You can make your own cage as I often do, placing 3 or 4 single stakes (the latter for larger clumps) around plants, and connecting the stakes at various levels with twine.  You can encircle the plant, or weave the twine back and forth between the stakes for more support. Such a cage is often called a “corset” as it resembles one.  These are effective for larger plants and clumps, for which premade cages are not available or too expensive. 
           
The cage may be a circle of flexible fencing, supported with 3 or 4 stakes.  Very effective and long lasting is the iron mesh used to reinforce concrete, similar to the iron rods already mentioned.  This rusty iron also blends well with the landscape.  Once large perennials such as perennial sunflowers, New England asters, or Helen's flower grow through such cages, the wire is hardly noticed.
           
Timing is critical in caging plants. Do it early, usually in May, just as soon as the new stems appear or when planting. The stakes and ties will be hidden once the new foliage starts to grow. 
           
The third method of support is from a trellis, fence, arbor or similar structure.  You can buy many attractive trellises from garden centers or home and garden stores, suitable for vines such as clematis and sweet peas.  Or you can make your own trellis using plastic netting, poultry wire, or strings attached to a horizontal support or nails on cross beams of pipe or wood.
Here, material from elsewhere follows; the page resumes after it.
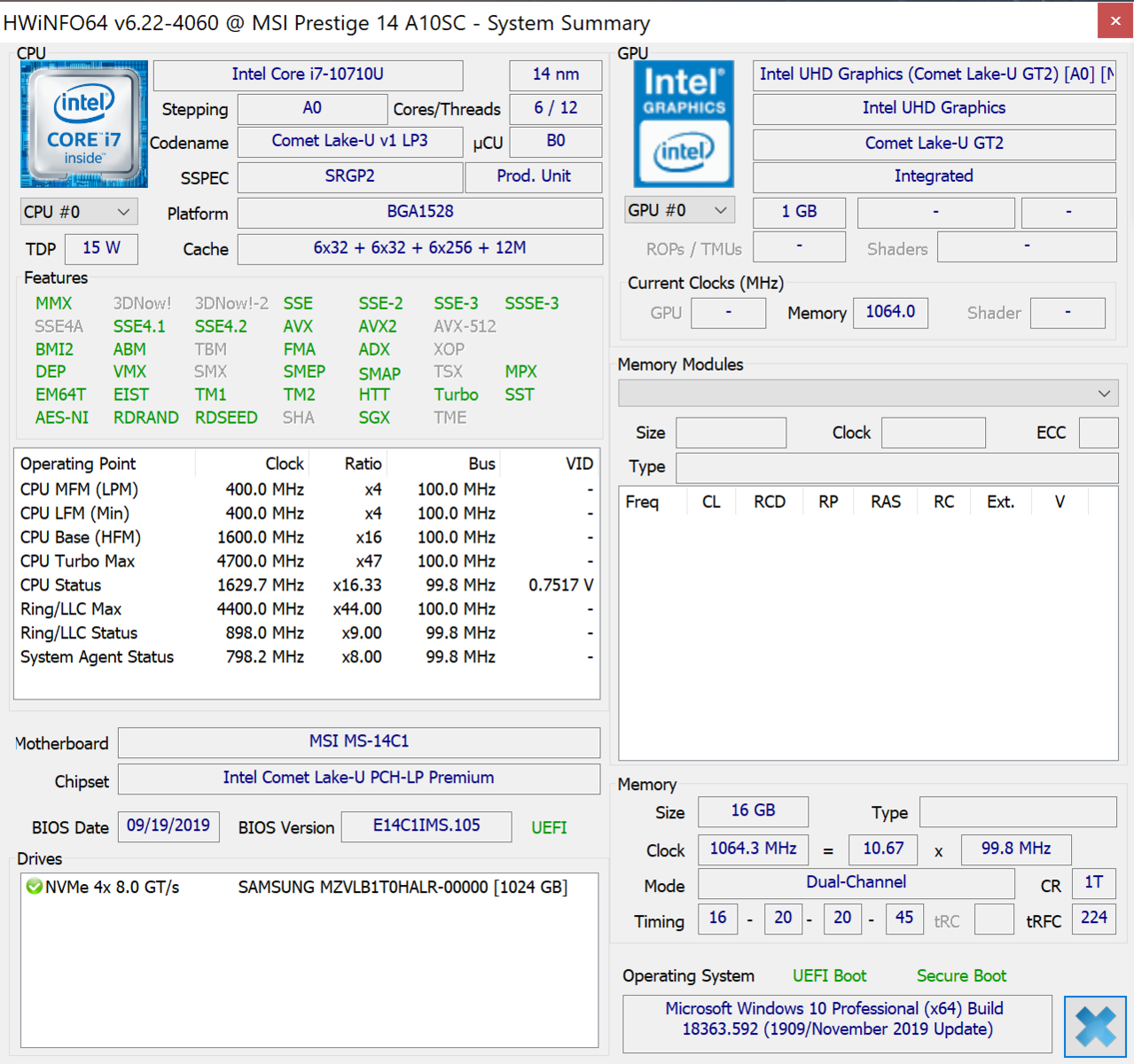 | 85.2 % v7 (old) | 11-2019 | MSI Prestige 15 A10SC i7-10710U, GeForce GTX 1650 Max-Q | 1.7 kg | 16 mm | 15.60" | 3840x2160 | |

Such homemade and temporary trellises often are seen in vegetable gardens.
            
Consider recycled materials for trellises, such as old bicycle rims.  Simply remove the spokes, place one on the ground and one above on a stake.  Then string twine from top to bottom through the spoke holes left in the rims.  Another recycled support for lower vines such as morning glories is an old umbrella frame.  Simply remove the cloth, open the frame, and place over the plant.  The vines will then grow on and cover the wire supports, making an umbrella shape.
           
A natural method for smaller vines is to use a dead branch with many twigs, pushed into the ground next to plants such as sweet peas.  These then grow over the branches, covering them, and creating the effect of a flowering tree.  Popular in England is to use branches, such as from alders and other fast growing shrubs, stuck in the ground, then bent over and interwoven about 2 feet off the ground.  This provides a natural looking plane for perennial stems to grow through, and is effective for single plants or large groupings.  I’ve used cut limbs from small trees and stems from large shrubs, laced together into a teepee shape, for beans.
           
If you have a row of plants, such as peas, consider a fence of netting or poultry wire.  For fruiting shrubs and vines that need support, many use wooden supports at the ends, with heavy-gauge wire running between them on each side of a row of raspberries, or down the middle for grapes.
           
Culture and design will affect the need to stake plants. Generally, the more formal the garden, the more likely staking will be needed to keep plants in their place. You also may need to stake plants if your garden is in a windy spot, or where there is heavy rainfall.  Sun-loving perennials usually get taller and weaker when grown in shade, so may need staking there but not if in sun.  If plants are too crowded, they may get taller than normal, so need staking. 
           
Many perennials, like snakeroot, ornamental grasses, daylilies, Siberian irises, beebalm, and purple coneflowers usually can be left alone.  If a plant such as Autumn Joy sedum flops, perhaps it merely needs dividing, or less fertile soil.
           
As an alternative to staking, when choosing plants, consider dwarf varieties if they exist.  You might grow bush beans instead of vining ones, for instance.  For perennials that bloom in late summer, consider cutting them back half way in early summer.  This may delay bloom a couple weeks, which helps pollinators, and will result in bushier and shorter plants.